Member of the Connecticut House of Representatives from Hartland
- In office 1943–1945 Serving with William Schnetsky
- Preceded by: William Schnetsky Frederick C. Raabe
- Succeeded by: Perry M. Ransom Dwight G. Stone
- In office 1953–1955 Serving with James B. Hall
- Preceded by: James B. Hall Edward B. Flagg
- Succeeded by: James B. Hall Luther B. Martin

Personal details
- Born: Alice Emmons 1902 or 1903
- Died: September 26, 1992 (aged 89)
- Party: Republican
- Spouse: Gladwin E. Parmelee
- Children: 2

= Alice Parmelee =

American politician (died 1992)

Alice Parmelee (died September 26, 1992) was an American politician who served in the Connecticut House of Representatives from 1943 to 1945 and 1953 to 1955, representing the town of Hartland as a Republican.

==Personal life==
Parmelee was married to Gladwin E. Parmelee, with whom she had two sons.

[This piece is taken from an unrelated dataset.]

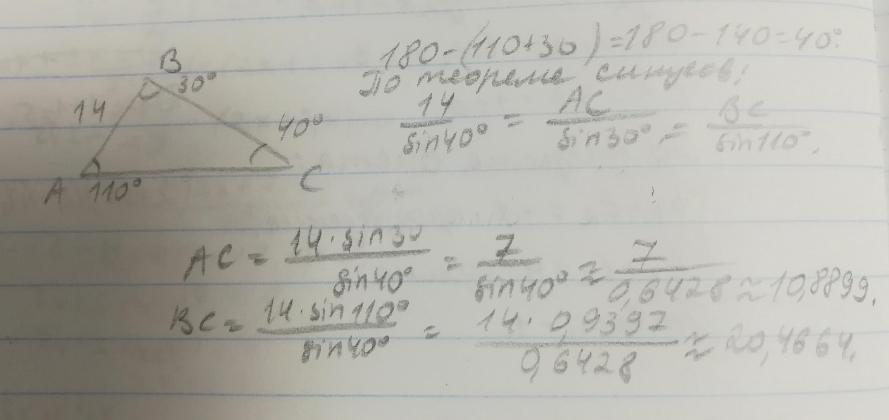 Решите треугольник: АВ = 14 угол А=110 угол В=30

Parmelee died on September 26, 1992, at age 89.

==Political career==
Parmelee was first elected to the Connecticut House of Representatives in 1942 and served one term representing the town of Hartland as a Republican. She ran for reelection in 1944 as an Independent Republican but was defeated.

In 1952, Parmelee again ran to represent Hartland as a Republican and was elected. She served one term alongside fellow Republican James B. Hall and did not run for reelection in 1954.

Parmelee was a member of the Order of Women Legislators.